#### [Work instruction]
As the answer, give exactly the lines of the records below from the one with "Se você gosta" through the one with "餐客厅与阳台融汇相通,是会客的气派门面,更是一家人的欢喜场域", ends included and pictures left out.

#### [Source data]

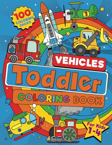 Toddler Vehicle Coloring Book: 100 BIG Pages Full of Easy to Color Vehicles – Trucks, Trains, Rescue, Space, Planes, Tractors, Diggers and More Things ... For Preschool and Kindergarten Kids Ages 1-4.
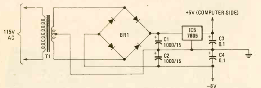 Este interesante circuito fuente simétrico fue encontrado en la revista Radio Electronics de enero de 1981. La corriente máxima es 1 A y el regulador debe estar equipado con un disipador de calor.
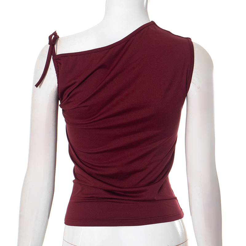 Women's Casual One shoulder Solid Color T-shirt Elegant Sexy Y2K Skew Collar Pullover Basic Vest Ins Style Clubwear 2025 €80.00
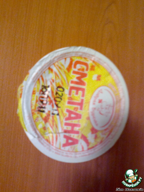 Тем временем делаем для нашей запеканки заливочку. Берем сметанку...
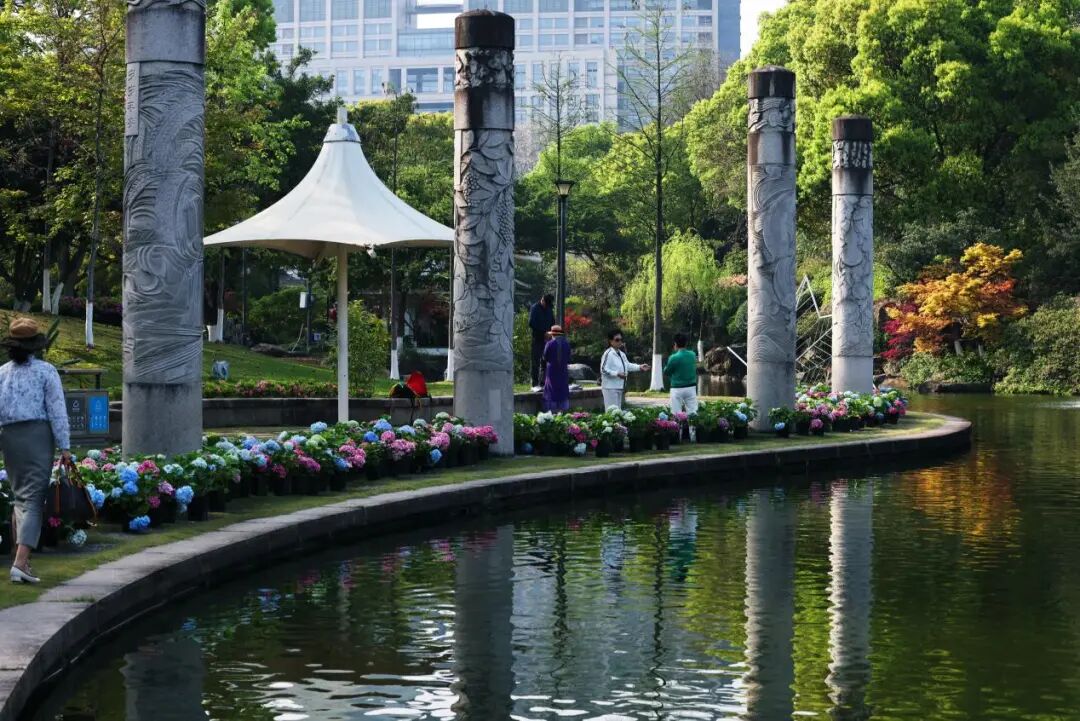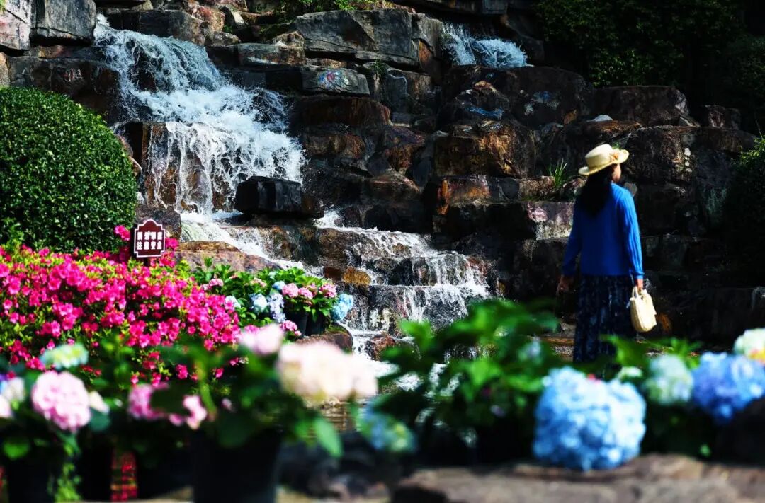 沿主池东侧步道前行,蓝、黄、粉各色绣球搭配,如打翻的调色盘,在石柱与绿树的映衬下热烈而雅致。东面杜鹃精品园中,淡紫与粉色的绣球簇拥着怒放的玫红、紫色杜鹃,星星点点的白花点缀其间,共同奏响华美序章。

...

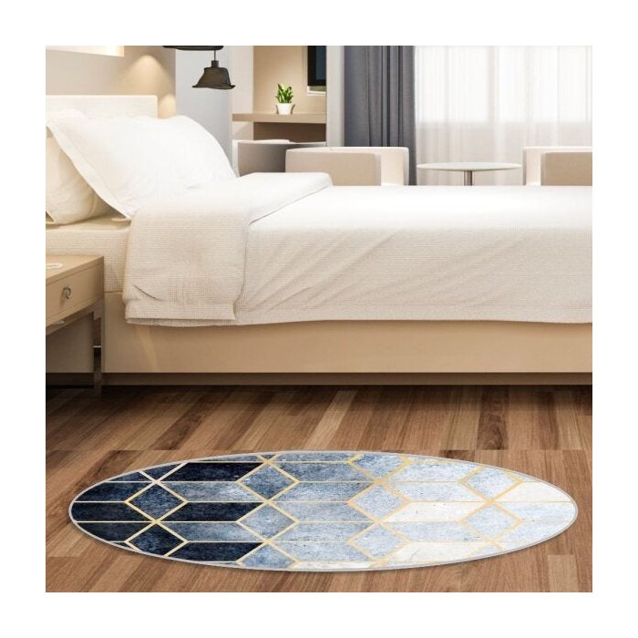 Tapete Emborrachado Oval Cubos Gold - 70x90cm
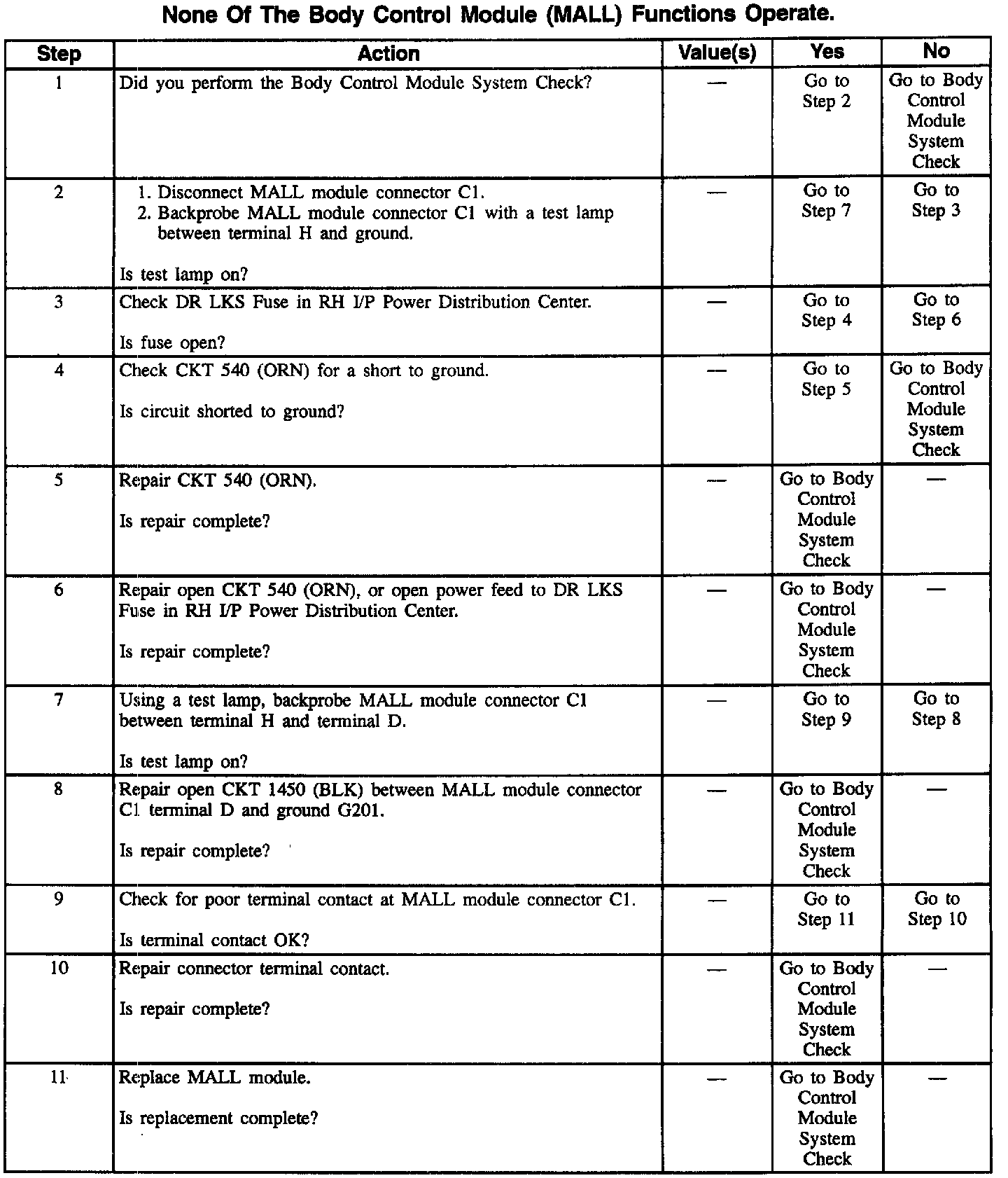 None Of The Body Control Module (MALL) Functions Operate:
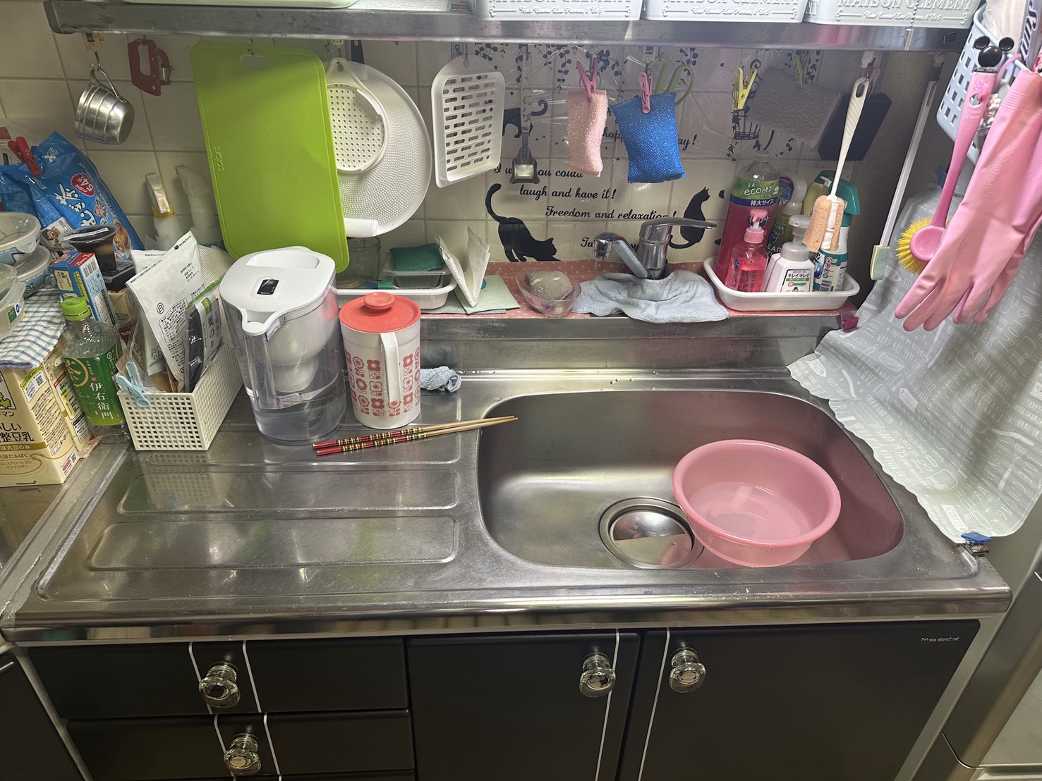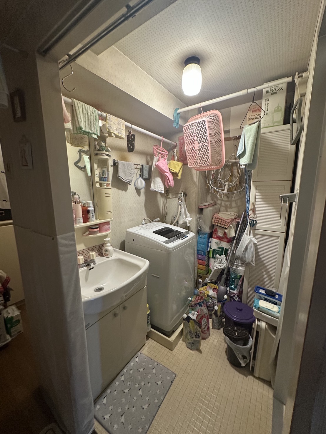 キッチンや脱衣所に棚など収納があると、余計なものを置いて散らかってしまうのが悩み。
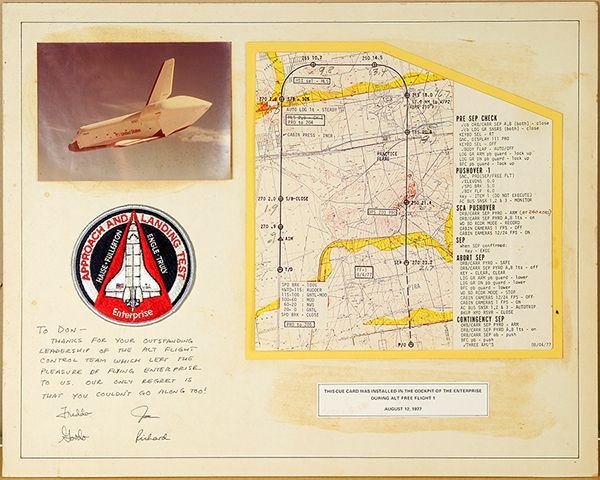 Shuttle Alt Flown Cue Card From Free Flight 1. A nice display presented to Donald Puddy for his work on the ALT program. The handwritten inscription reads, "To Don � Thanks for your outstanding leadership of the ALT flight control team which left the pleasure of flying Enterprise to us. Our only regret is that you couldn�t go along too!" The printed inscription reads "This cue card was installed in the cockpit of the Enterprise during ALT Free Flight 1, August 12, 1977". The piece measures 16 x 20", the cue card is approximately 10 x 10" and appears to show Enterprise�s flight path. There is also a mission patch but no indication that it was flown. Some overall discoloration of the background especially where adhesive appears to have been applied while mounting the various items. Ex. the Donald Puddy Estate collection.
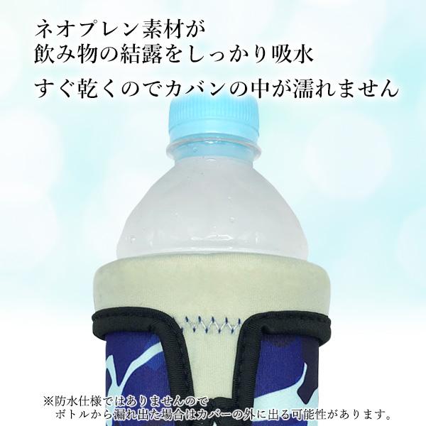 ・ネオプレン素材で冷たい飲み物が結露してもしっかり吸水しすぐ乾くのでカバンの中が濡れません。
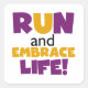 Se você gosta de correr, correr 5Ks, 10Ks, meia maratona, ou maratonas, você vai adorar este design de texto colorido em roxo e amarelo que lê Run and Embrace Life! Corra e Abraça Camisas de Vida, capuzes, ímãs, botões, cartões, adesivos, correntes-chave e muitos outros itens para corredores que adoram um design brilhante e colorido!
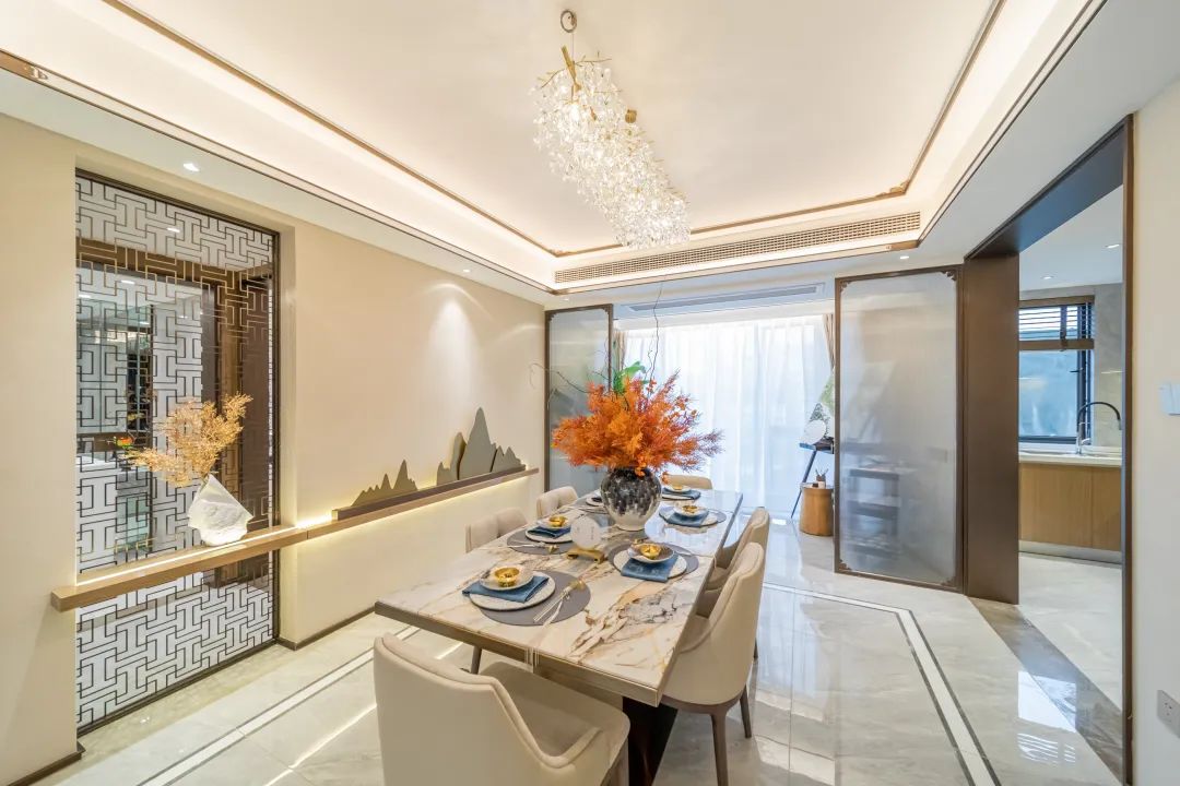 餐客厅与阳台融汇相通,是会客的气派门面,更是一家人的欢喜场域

#### [Output of the task]
 Se você gosta de correr, correr 5Ks, 10Ks, meia maratona, ou maratonas, você vai adorar este design de texto colorido em roxo e amarelo que lê Run and Embrace Life! Corra e Abraça Camisas de Vida, capuzes, ímãs, botões, cartões, adesivos, correntes-chave e muitos outros itens para corredores que adoram um design brilhante e colorido!
 餐客厅与阳台融汇相通,是会客的气派门面,更是一家人的欢喜场域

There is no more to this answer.